– Оливер! О, Люк!
– Мне так жаль, Рина.
Он провел рукой по спинке ее черного платья с кокетливым кружевным лифом и коротким подолом.
– Мы больше никогда не увидим его. Я так рада, что ты здесь.
Очень рада, полагала Лайла, особенно судя по тому, как женщина льнула к Люку еще несколько секунд после того, как он попытался освободиться.
Года двадцать два, предположила Лайла. С длинными прямыми белыми прядями, длинными загорелыми ногами и безупречной кожей, на которой идеальные хрустальные слезы кажутся искусственными.
Зло, сказала она себе. Все правда, но зло.
Блондинка обвила руками талию Люка, прижалась к его боку и окинула Лайлу и Джули долгим оценивающим взглядом.
– Кто вы?
– Катрина Картрайт, это Джули Брайант и Лайла Эмерсон. Они друзья Аша.
– О, вот как! Он на северной стороне. Делами занимается. Я покажу вам. Гости прибывают. Все эти люди, – сказала она, рассеянно глядя на другой лимузин, подъезжающий к дому, – хотят воздать честь Оливеру.
– Как его мать? – спросил Люк.
– Я не видела ее сегодня. Она заперлась в гостевом доме. Совершенно сломлена. Как и мы все.
Она продолжала по-хозяйски прижиматься к Люку, ведя их по мощеной дорожке.
– Не знаю, как мы теперь будем жить. Как все мы будем жить. Да. Мы открыли бар в патио.
Она беспечно показала на стол, накрытый белой скатертью, за которым суетилась женщина в белом жакете.
За большим патио простирался газон. Ряды белых стульев выстроились перед беседкой, увитой розами. Под ее аркой стоял большой стол, на котором возвышалась урна. Все белое, как у невесты, включая мольберты, на которых стояли увеличенные снимки Оливера Арчера в белых рамках.
Квартет сидел под второй аркой, играя тихую классическую музыку. Люди, одетые в похоронно-черное, общались друг с другом. Некоторые уже побывали у бара и держали в руках стаканы с вином и коктейлями. Остальные сидели, приглушенно разговаривая.

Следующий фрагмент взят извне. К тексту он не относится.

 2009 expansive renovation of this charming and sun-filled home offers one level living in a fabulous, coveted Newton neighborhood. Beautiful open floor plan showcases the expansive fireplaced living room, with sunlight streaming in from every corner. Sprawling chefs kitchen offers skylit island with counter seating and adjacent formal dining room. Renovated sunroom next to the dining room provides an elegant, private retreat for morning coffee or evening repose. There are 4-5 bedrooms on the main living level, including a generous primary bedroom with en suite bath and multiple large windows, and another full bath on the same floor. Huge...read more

На одной женщине была шляпа с круглыми, широкими, как луна, полями. Она то и дело подносила к глазам платок.
Сквозь красивую рощицу деревьев она видела то, что могло быть теннисным кортом. А к югу – синела поблескивавшая на солнце вода бассейна, рядом с которым стоял маленький каменный домик.
Кто-то слишком громко смеялся. Кто-то говорил по-итальянски. Женщина в белой униформе молча, скользя, как призрак, собирала пустые стаканы. Другая принесла женщине в шляпе бокал шампанского.

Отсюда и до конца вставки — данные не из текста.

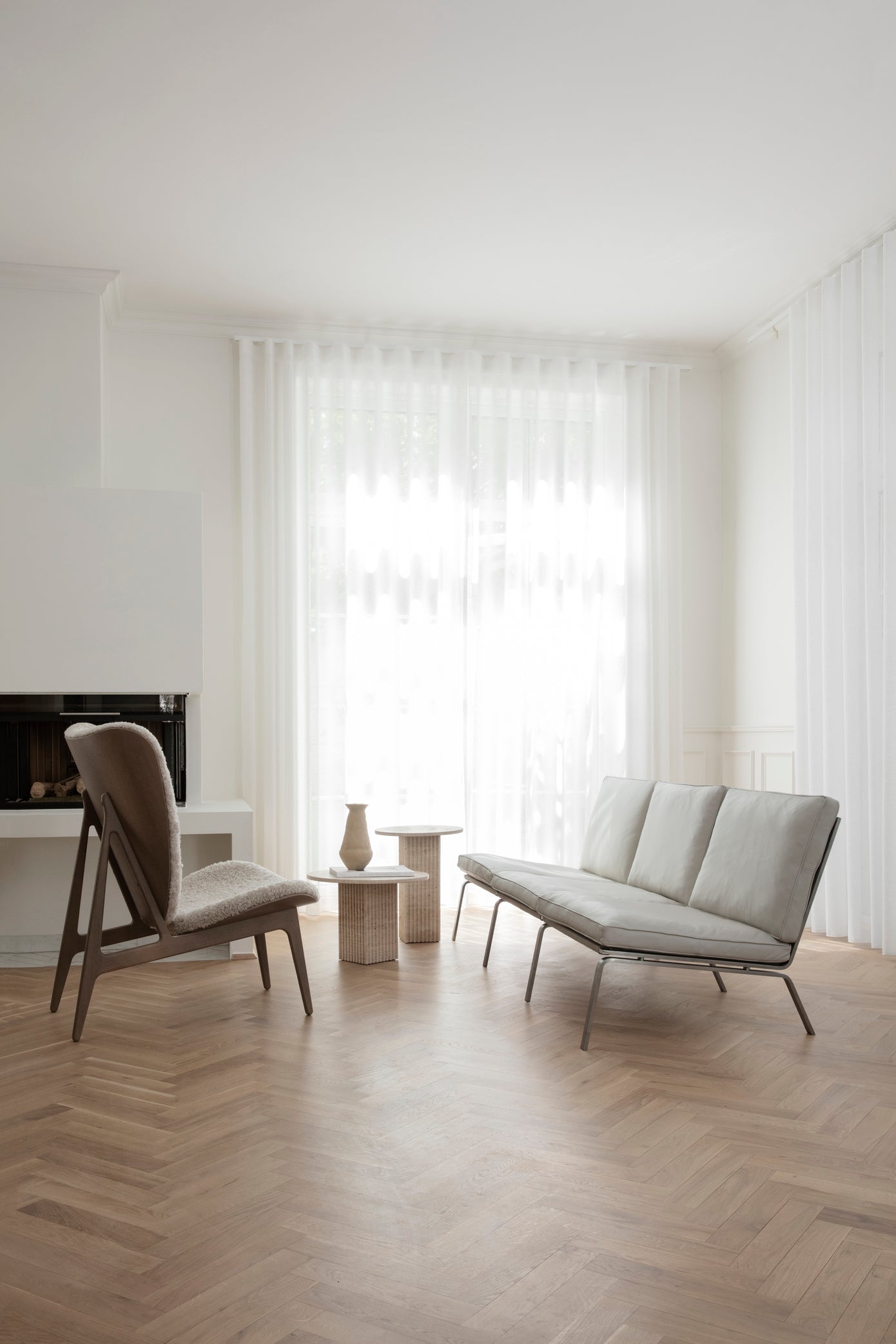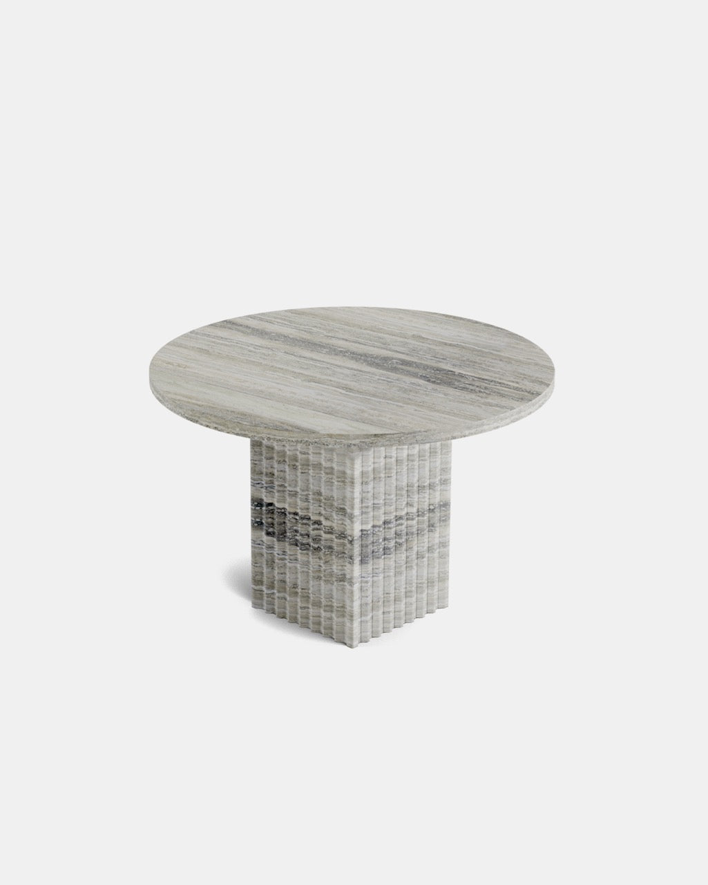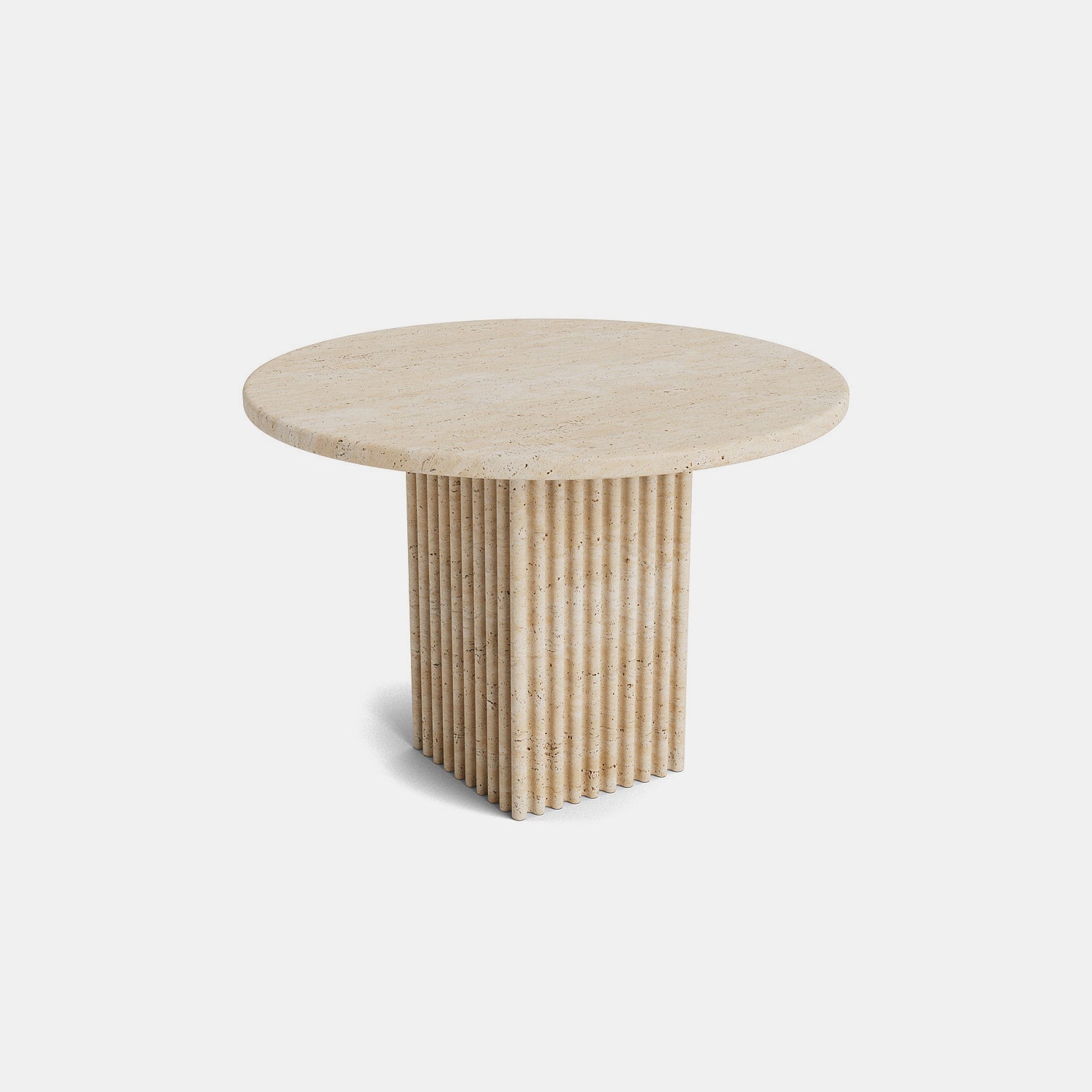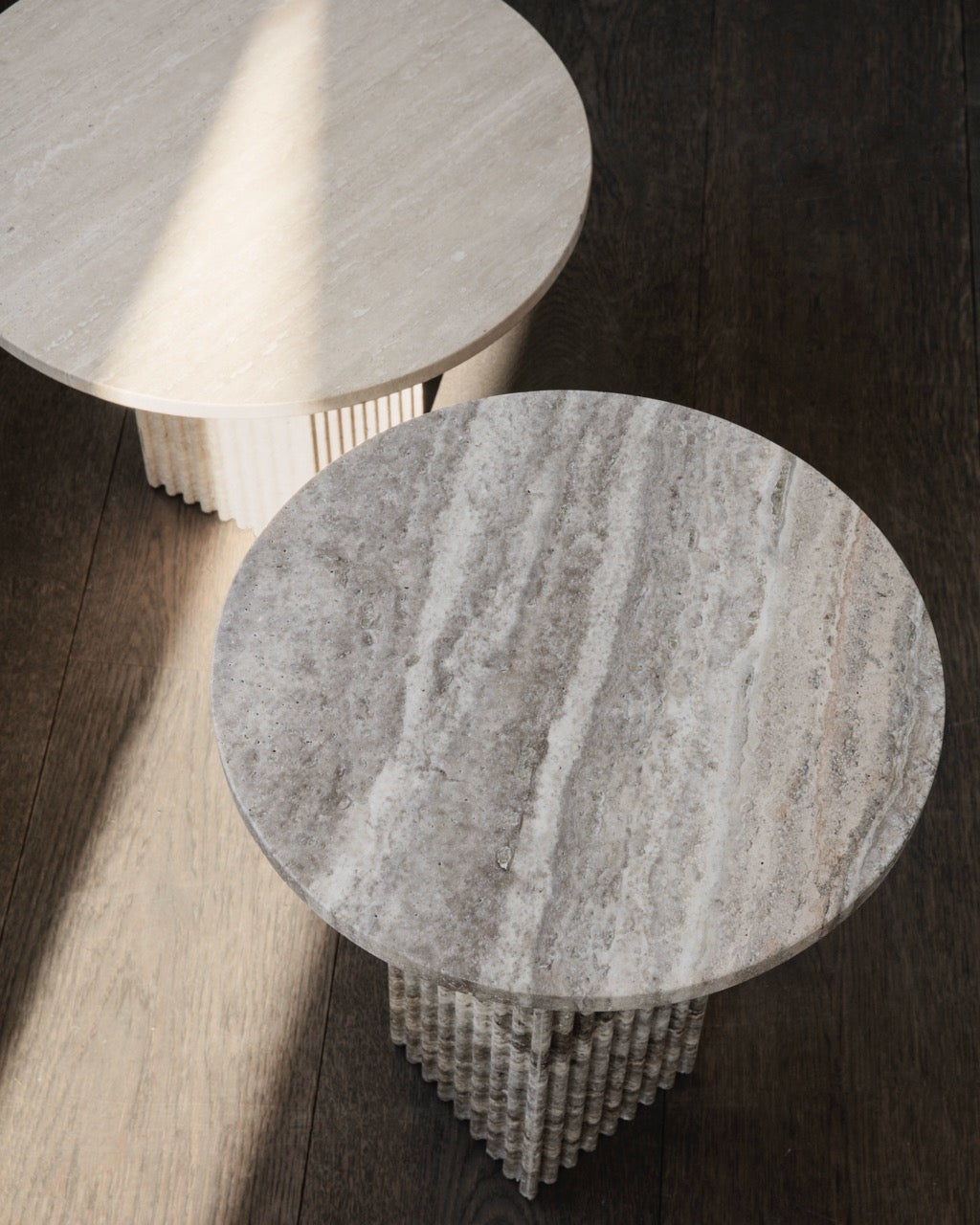 Soho er laget av travertin med en vakker naturlig overflate av små hull og «feil». Bordet er laget av travertinplater, og er fortsatt lett og å flytte rundt på.

И подумать только, что она не хотела приезжать! Да это лучше любого театра! Словно перед ней сцена, на которой разыгрывается действие!
Ей хотелось написать об этом. Наверняка она сможет вставить это в книгу!
Поэтому она стала запоминать лица, ландшафт, маленькие детали.
И тут она увидела Аша. У него такое усталое, печальное лицо.
Не пьеса. Не театр.
Смерть.
Думая только об Аше, она подошла к нему.
Он взял ее руку. Несколько секунд они стояли молча.
– Я рад, что ты приехала.
– Я тоже. Здесь… какая-то неземная красота. Все белое и черное. Драматично. Судя по тому, что вы говорили, ему бы понравилось.
– Да. Понравилось бы. Олимпия – его мать – была права. Черт, Рина добралась до Люка. Нужно ее увести. Она влюблена в него с ранней юности.
– Думаю, он сам справится. Я могу чем-то помочь?
– Все сделано. Или будет сделано. Позволь мне раздобыть вам всем места.
– Мы найдем места. У вас полно дел.
– Мне нужно пойти за Олимпией или послать кого-то за ней. Я вернусь.
– Не волнуйтесь за нас.
– Я рад, что ты приехала, – повторил он. – Правда.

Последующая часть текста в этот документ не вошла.